From: Janis Papanagnou on
pk wrote:
> On Wednesday 7 May 2008 17:37, Ed Morton wrote:
>
>>>>these locales, `[a-dx-z]' is typically not equivalent to `[abcdxyz]';
>>>>instead it might be equivalent to `[aBbCcDdxXyYz]', for example.
>>>
>>>Is there a way to explicitly print out that information (or, better, the
>>>entire collating sequence in use)? I've been looking for a method to do
>>>that for long time, but I have found no complete answer.
>>
>>I expect you could use the ord() and chr() functions described here:
>>
>>http://www.gnu.org/software/gawk/manual/gawk.html#Ordinal-Functions
>>
>>[snip]
>
>[snip]
>
> It seems that the function you point out use the mere numeric character
> values and don't take locale into account.

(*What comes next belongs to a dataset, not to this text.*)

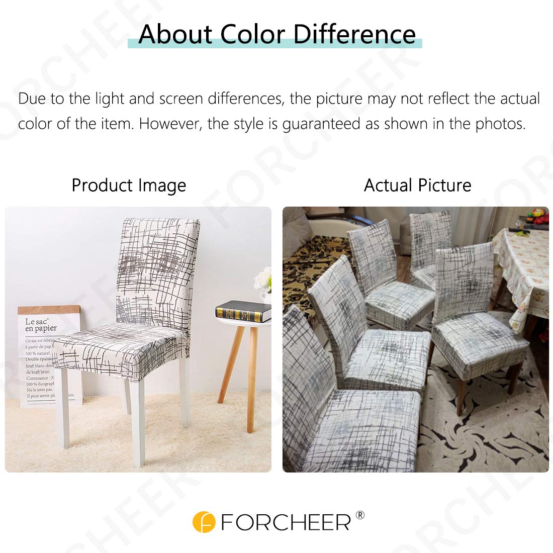 ? Better Than Your Expected: Forcheer Dining Chair Cover Is Made Of 92% Polyester And 8% Spandex Fabric. Ultra-High Elasticity, Durable, Wrinkle-Resistant, Freshen Up Your Interior Decor. ? Recommended Chair Size: Back Height 20-23Inch(50-60Cm);Seat Length 14-20Inch(36-50Cm);Seat Width 14-20Inch(36-50Cm). Please Make Sure Your Chairs Are Well Within The Measurements Given. ? Easy-Care: Screenprint Technology Used For Strong Colorfastness. Machine Washable In Cold Water. Wash Separately At A Gentle Cycle. Using Mild Laundry Detergent. Forcheer Is Manufacturing The Same Pattern Of Sofa Covers, Please Browse To The Bottom Of The Page. ? Widely-Usage: Forcheer Dining Chair Cover Fit For Most Of Parsons Chair. Office, Company, Hotel, Wedding Banquet, Meeting, Celebration, Ceremony, Family Dining Room Decoration, Etc. ? Wrong-Free: We Are Confident In Our Products’ Quality. If You Aren'T Satisfied With Your Purchase. Any Problem Please Contact Us The First Time. We Will Offer The Best Solution For You.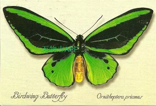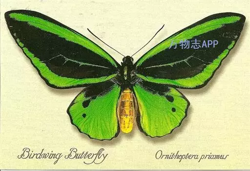 绿鸟翼凤蝶:又名东方之珠蝶,拉丁文学名:Ornithoptera priamus ( Linnaeus , 1758 ),凤蝶科鸟翼凤蝶属的一个物种。是印度尼西亚国蝶,也世界上非常珍稀的蝶类昆虫之一。为一种雌雄异体的昆虫。

Yes, indeed. And the quoted passage in the GNU manual says about ord()...
"the numeric value for that character in the machine's character set".

While this matches the interpretation I am comfortable with - in this
case and also with the ranges of characters in regexps, the quoted
link about "Character-Lists" explicitly mentions a locale dependency.

man regex(7) also doesn't enlighten the topic; in one sentence they
talk about a _character set_ ("`[0-9]' in ASCII matches any decimal
digit"), and shortly after that they talk about _collating sequences_
("Ranges are very collating-sequence-dependent").

I'm still puzzled about that.

Janis

[snip]